The unanimous decision by the Court of Appeals brings Wesley Eugene Baker, 46, one step closer to the issuance of a warrant for his execution.
William B. Purpura, a public defender representing Baker, said he intends to appeal the court's decision to the U.S. Supreme Court and plans a broader legal challenge that would explore the issue of race in capital cases.
"We are close to the end and ... there's just nothing much more," Purpura said yesterday. "The Baltimore County state's attorney could seek a death warrant. They could do that now."
S. Ann Brobst, a county prosecutor, said she will speak Tuesday with the state attorney general's senior counsel for capital litigation to decide on a course of action.
Baker was scheduled to be put to death in May 2002. But days before his scheduled execution, then-Gov. Parris N. Glendening imposed a state moratorium on the death penalty.
The moratorium was effectively lifted when Gov. Robert L. Ehrlich Jr. came into office, and in June convicted murderer Steven H. Oken was executed.
In Baker's most recent appeal, he had argued that Maryland's process for sentencing death penalty cases is flawed. His lawyers focused on the way a judge or jury weighs reasons to sentence a murderer to death against reasons to spare the killer's life.
Using a standard called "preponderance of the evidence," a judge or jury must decide whether aggravating factors, such as a rape or another felony committed along with the murder, outweigh mitigating factors, such as a defendant's troubled childhood.
Preponderance of the evidence means that it is more likely than not that the aggravating factors outweigh the mitigating factors. It is a less stringent standard than "beyond a reasonable doubt," which is required in finding a person guilty of a crime.
But the Court of Appeals wrote in its 17-page opinion that the challenge to the evidence standard "is not a proper issue this case" because the balancing test was not used during Baker's sentencing hearing. The sentencing judge determined there were no mitigating factors to consider.
Still, the appeals court went on in yesterday's opinion to reaffirm the constitutionality of the state's balancing test.
But Michael Stark, an organizer with Campaign to End the Death Penalty, said the court missed the real issue: Plenty of mitigating evidence never reached the sentencing judge because Baker, told the night before the hearing by his attorneys about the family history they planned to present, forbid his attorneys from presenting any of it.
"That's always been the sticking point with Baker," Stark said. "His life is like a horror story with tons and tons and tons of mitigating stuff."

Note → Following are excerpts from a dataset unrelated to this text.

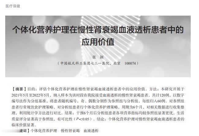 参考资料:[1]张 颖全国配资炒股门户,个体化营养护理在慢性肾衰竭血液透析患者中的 应用价值,名医,2023-11-28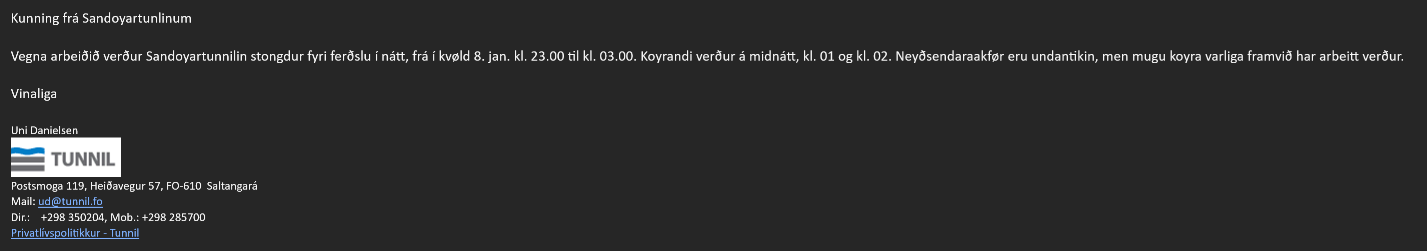 Vegna arbeiðið verður Sandoyartunnilin stongdur fyri ferðslu í nátt, frá í kvøld 8. jan. kl. 23.00 til kl. 03.00. Koyrandi verður á midnátt, kl. 01 og kl. 02. Neyðsendaraakfør eru undantikin, men mugu koyra varliga framvið har arbeitt verður.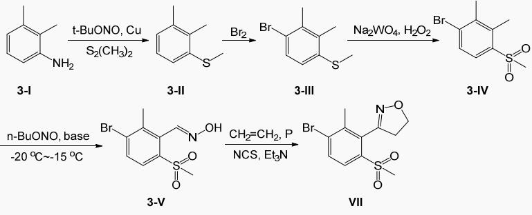 2,3-二甲基苯胺(3-Ⅰ)经重氮化反应将氨基置换为甲硫基,再经溴化、氧化、肟化和1,3-偶极环加成反应制备了关键中间体3-[3-溴-2-甲基-6-(甲基磺酰基)苯基]-4,5-二氢化异噁唑(Ⅶ)。

In a clemency petition delivered to Glendening in May 2002 in an effort to save Baker's life, the death row inmate's attorneys wrote that an unstable childhood with an exceptionally young mother led Baker to begin drinking vodka and using marijuana by age 10 and to start shooting heroin by 14.

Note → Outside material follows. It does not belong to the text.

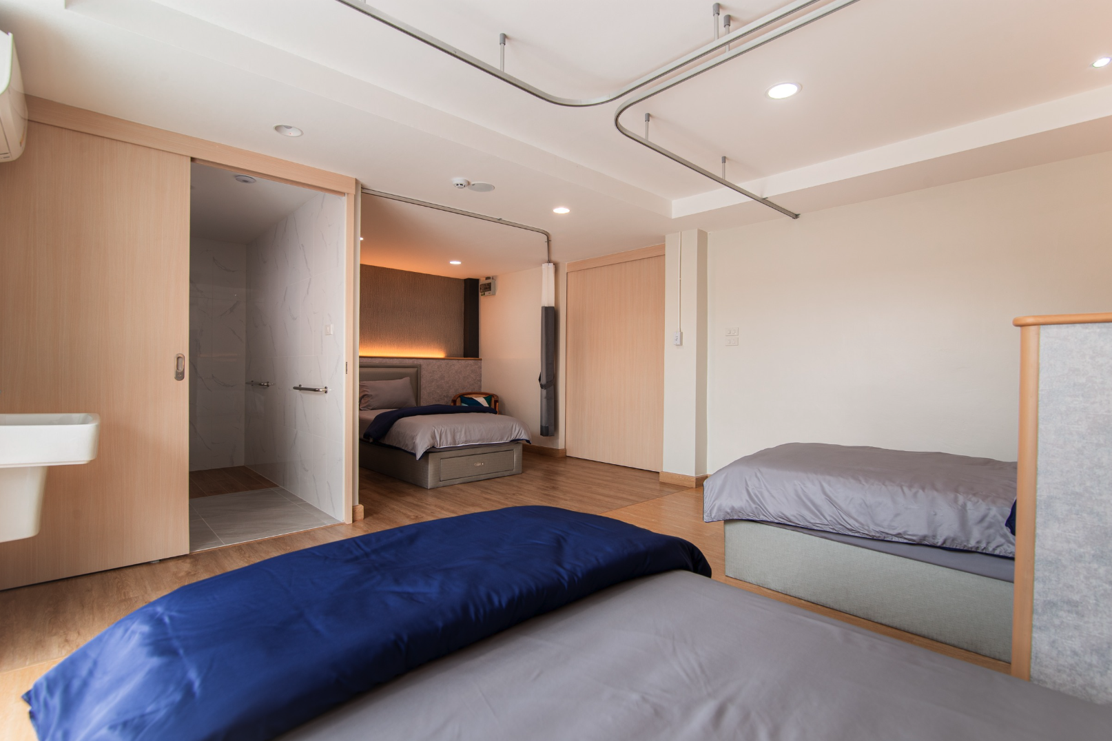 สิ่งอำนวยความสะดวก: เตียง 3.5 ฟุต/เตียงไฟฟ้า จำนวน 3 เตียง มีม่านกั้นเพื่อความเป็นส่วนตัว, ตู้เก็บเสื้อผ้าและของใช้

After running away from home, Baker frequented The Block and took to "sleeping in movie theaters, hotel bathrooms and abandoned cars," according to the petition. He quit school in the eighth grade, and at 14, according to the petition, began a relationship with a woman in her late 20s who supported a heroin habit by working as a prostitute.
Baker was 34 when a Harford County jury convicted him of murder in 1992 for killing Jane Tyson, a 49-year-old teacher's aide. She was shot June 6, 1991, in front of two of her grandchildren in the parking lot of Westview Mall in a robbery that netted $10.
Baker's lawyers also are preparing a legal challenge that would use a University of Maryland study released last year that found racial and geographic influences on capital punishment in the state.